Personal information
- Full name: Percy Edward Roberts
- Date of birth: 20 September 1909
- Place of birth: Nilma, Victoria
- Date of death: 3 August 1943 (aged 33)
- Place of death: Moulmein, British Burma
- Original team(s): Yarragon
- Height: 182 cm (6 ft 0 in)

Playing career^{1}
- Years: Club / Games (Goals)
- 1929–1932: Fitzroy / 18 (1)
- ^{1} Playing statistics correct to the end of 1932.

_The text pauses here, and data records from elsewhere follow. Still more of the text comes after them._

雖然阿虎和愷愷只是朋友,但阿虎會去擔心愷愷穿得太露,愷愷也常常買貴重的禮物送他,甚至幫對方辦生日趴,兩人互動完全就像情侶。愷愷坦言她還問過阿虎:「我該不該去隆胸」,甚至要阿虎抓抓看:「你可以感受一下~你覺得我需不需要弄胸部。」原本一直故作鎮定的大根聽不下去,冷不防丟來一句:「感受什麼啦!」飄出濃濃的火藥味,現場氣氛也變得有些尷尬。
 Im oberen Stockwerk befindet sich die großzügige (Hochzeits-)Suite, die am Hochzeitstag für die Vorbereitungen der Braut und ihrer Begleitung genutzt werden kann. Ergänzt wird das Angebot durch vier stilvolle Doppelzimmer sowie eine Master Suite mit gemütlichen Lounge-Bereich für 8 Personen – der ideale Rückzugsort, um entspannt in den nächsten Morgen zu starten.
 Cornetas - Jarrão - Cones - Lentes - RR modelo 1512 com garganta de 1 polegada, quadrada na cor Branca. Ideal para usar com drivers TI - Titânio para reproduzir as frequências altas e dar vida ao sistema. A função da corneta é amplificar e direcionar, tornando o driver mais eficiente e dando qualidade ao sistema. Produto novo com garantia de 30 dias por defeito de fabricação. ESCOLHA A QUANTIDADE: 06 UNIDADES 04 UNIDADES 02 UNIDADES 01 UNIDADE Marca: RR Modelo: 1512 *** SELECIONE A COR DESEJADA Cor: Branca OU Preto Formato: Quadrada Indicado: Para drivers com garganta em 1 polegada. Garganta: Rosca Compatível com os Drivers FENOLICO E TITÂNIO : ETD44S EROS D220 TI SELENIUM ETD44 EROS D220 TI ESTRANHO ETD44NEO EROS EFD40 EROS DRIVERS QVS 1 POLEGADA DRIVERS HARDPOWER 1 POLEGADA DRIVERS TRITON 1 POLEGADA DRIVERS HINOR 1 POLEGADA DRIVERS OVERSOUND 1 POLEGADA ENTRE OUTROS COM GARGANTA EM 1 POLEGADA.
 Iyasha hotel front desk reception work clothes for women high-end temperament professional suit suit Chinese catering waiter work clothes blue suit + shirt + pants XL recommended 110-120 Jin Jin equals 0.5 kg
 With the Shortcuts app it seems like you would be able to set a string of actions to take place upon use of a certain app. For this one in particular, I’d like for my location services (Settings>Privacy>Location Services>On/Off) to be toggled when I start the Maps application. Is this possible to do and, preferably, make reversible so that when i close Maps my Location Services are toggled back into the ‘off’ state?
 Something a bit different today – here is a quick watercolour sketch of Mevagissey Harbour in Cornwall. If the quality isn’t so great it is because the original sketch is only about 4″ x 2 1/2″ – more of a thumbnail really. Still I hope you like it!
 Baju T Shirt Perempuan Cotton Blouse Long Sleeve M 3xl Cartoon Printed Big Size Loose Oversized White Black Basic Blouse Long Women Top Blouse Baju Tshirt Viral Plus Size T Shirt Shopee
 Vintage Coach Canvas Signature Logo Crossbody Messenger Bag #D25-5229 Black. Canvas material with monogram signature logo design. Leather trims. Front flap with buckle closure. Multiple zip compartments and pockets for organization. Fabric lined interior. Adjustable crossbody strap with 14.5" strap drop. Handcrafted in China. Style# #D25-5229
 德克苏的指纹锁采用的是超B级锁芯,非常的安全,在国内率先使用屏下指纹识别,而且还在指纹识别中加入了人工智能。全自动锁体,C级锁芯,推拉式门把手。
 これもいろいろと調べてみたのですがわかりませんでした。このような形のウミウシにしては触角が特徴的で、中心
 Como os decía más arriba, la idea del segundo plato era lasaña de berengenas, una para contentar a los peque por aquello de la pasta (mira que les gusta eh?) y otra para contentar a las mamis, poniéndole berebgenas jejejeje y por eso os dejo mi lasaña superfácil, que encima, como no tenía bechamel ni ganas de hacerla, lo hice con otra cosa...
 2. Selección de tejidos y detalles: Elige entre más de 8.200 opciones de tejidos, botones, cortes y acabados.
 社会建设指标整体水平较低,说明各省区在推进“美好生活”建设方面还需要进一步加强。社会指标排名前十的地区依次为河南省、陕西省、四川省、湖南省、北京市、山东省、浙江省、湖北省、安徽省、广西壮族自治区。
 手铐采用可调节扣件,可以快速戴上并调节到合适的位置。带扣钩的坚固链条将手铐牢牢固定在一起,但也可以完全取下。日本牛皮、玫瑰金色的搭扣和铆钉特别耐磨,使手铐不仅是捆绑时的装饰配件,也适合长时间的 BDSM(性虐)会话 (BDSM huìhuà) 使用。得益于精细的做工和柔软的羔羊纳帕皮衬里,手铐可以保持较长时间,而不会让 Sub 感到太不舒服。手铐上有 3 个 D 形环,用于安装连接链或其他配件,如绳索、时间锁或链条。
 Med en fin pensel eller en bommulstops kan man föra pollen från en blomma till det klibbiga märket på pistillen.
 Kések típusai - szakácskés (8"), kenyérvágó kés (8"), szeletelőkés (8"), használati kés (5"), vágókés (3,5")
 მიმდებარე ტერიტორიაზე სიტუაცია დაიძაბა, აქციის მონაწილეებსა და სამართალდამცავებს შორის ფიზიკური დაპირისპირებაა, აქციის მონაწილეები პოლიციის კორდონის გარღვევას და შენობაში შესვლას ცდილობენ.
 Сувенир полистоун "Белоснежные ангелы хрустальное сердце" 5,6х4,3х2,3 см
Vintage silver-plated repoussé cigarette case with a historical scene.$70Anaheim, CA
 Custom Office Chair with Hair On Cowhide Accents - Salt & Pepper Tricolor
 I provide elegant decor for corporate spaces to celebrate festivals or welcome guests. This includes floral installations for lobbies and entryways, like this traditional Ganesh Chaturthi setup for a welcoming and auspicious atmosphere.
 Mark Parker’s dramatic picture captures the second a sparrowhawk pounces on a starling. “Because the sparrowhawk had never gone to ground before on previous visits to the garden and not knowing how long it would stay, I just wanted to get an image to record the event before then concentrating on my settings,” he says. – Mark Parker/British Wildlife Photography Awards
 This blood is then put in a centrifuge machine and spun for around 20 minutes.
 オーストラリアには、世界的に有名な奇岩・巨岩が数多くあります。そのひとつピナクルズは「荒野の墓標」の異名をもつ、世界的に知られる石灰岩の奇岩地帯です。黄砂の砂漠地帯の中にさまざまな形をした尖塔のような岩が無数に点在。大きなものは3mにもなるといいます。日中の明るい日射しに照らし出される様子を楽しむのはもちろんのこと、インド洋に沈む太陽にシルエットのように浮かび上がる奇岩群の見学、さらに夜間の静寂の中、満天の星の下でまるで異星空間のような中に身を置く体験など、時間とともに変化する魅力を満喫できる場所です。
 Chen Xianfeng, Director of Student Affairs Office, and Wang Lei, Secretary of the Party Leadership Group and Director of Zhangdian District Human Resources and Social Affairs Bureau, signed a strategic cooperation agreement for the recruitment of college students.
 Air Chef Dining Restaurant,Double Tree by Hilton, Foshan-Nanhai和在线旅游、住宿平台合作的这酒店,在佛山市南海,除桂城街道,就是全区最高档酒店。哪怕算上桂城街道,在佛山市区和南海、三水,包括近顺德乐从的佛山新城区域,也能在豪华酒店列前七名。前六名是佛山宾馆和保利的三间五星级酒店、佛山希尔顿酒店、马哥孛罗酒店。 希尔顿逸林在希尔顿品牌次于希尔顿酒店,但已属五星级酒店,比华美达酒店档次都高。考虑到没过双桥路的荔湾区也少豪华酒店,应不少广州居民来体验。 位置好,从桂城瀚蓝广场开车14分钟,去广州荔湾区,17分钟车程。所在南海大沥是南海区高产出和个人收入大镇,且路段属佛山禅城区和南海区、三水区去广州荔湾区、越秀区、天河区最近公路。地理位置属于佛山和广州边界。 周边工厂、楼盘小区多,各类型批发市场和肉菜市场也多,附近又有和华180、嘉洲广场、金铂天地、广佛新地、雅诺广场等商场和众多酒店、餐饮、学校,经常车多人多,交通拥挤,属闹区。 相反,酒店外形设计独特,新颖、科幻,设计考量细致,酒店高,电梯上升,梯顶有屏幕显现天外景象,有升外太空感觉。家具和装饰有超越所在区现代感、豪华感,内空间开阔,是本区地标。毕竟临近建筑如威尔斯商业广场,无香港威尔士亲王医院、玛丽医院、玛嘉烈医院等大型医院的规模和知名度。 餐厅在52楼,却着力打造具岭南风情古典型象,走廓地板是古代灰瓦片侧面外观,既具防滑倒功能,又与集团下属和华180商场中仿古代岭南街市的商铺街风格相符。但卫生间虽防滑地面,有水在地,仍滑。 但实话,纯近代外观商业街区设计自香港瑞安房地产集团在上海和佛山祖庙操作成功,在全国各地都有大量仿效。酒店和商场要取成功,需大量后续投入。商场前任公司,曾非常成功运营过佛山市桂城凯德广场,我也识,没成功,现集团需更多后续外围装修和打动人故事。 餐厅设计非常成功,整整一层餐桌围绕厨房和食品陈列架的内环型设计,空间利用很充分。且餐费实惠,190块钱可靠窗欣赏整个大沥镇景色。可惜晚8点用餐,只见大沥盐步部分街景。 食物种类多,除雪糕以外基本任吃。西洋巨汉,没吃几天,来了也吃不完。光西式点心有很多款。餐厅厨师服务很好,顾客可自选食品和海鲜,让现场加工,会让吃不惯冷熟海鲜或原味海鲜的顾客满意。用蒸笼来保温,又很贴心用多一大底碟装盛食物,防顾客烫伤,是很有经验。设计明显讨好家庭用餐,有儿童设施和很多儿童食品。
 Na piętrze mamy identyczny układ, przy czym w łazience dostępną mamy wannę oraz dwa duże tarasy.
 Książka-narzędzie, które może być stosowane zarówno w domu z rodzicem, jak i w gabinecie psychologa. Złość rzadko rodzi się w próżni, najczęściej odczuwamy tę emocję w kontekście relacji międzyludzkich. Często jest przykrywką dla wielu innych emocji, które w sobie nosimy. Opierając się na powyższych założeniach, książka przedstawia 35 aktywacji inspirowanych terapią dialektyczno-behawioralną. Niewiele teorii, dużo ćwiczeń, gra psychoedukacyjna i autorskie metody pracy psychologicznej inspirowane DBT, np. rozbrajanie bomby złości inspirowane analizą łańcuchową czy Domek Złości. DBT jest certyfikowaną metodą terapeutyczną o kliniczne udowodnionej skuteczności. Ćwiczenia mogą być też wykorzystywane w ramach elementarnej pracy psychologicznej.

= Percy Roberts (Australian footballer) =

Australian rules footballer

Percy Edward Roberts (20 September 1909 – 3 August 1943) was an Australian rules footballer who played with Fitzroy in the Victorian Football League (VFL).

==Football career==
Roberts came from Yarragon and made two appearances for Fitzroy as a 19-year-old defender early in the 1929 VFL season. He then left to play for Mornington. In the 1932 VFL season, Roberts returned to Fitzroy and played every game from rounds three to eighteen, a total of 16 appearances. It would be his only season back at Fitzroy, he was granted a clearance to Ballan in 1933.

==War service==
Roberts enlisted for armed service on 7 February 1941 and a year later, at the Fall of Singapore, was captured by the Japanese. He died of dysentery while a prisoner of war in Moulmein, British Burma on 3 August 1943.